Concluding four years of court hearings, prosecutor Alan Tieger told judges at the International Criminal Tribunal for the Former Yugoslavia that Karadzic had boasted at the time of his intentions to wipe out the non-Serb population. "After hundreds of witnesses, 80,000 pages of transcripts, and 10,000 exhibits, the policy of ethnic cleansing is finally exposed. And Karadzic was its driving force," Tieger said.

Karadzic faces charges of genocide for the killing of more than 8,000 Muslim men and boys from Srebrenica, Europe's worst massacre since World War Two, when ethnic Serb forces gunned down prisoners after trucking them to killing sites.

He is also held responsible for the 43-month siege of the Bosnian capital Sarajevo, in which more than 5,000 civilians died.

"He said at the time what would happen and it did. Thousands killed, hundreds of towns destroyed, masses forcibly displaced," Tieger said told the courtroom.

He said Karadzic, now 69, had used violence and terror to carve an ethnic Serb breakaway state out of multi-ethnic Bosnia, starting just days before the country declared its independence from Yugoslavia.

Karadzic, wearing a crumpled grey suit under his trademark mane of silver hair, watched intently from the opposite side of the courtroom as prosecutors presented their closing arguments.

Tieger gave examples of three people for whose deaths Karadzic bore responsibility -- a father killed in the Srebrenica massacre, a mother killed in the shelling of a Sarajevo marketplace as she went to fetch milk, and a doctor shot in the notorious Omarska prison camp.
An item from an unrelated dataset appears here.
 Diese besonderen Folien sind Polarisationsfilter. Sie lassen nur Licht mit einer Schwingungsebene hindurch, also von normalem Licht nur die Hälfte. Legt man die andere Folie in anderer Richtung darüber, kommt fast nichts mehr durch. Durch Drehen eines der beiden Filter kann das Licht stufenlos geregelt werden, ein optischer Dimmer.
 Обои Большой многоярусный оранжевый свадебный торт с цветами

The Yugoslav tribunal is winding down after prosecuting 112 suspects since being established by the United Nations Security Council in 1993 to punish those responsible for war crimes and crimes against humanity.
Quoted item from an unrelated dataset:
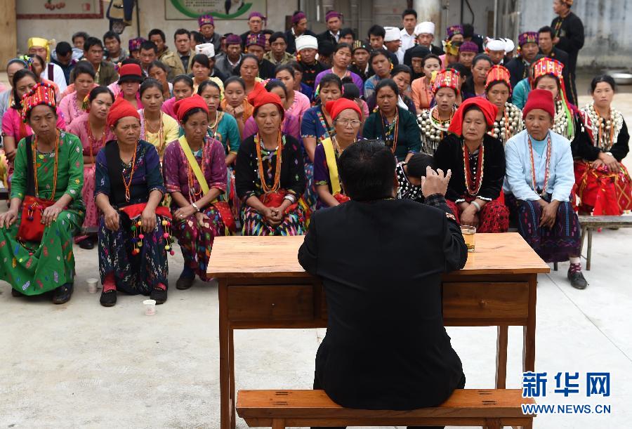 1月17日,宣讲员刘永恩在云南省德宏傣族景颇族自治州陇川县城子镇巴达村委会曼崩坝村民小组用景颇语向村民进行宣讲。近年来,位于中缅边境的云南省德宏傣族景颇族自治州采取“用民族干部宣传、用民族语言讲解、用民族文字阐释、用民族节庆展示、用民族文化体现”的“五用”措施,开展学习宣讲,使用通俗易懂的民族语言、生动鲜活的事例向少数民族群众详细阐释党的创新科学理论,让党的方针、政策在广大群众中家喻户晓,深入人心。目前,德宏州已经组建了州、县、乡、村、组“五用”宣传团(队)856支,宣讲骨干成员2611名。新华社记者 蔺以光 摄

Karadzic is one of four suspects, including Bosnian Serb military commander Ratko Mladic, still in the dock. Just seven suspects have been sentenced to life. Late Serbian President Slobodan Milosevic, also stood trial at the court, but died in 2006 before his trial could be concluded.

Karadzic, who has presented his own defence, rejects the court, arguing that it is a tool of the NATO military alliance, whose air strikes brought the war to an end. He will present closing arguments on Wednesday.

Charges were brought against him in 1995, shortly before the war's end. He was finally arrested in 2008 after years on the run in the Serbian capital Belgrade, where he had been living in disguise and working as a new-age healer.

The Bosnian war was part of a larger conflagration in which an estimated 140,000 people died as multi-ethnic Yugoslavia broke up during the 1990s into six successor states. Kosovo, formerly a Serbian province, also later declared independence.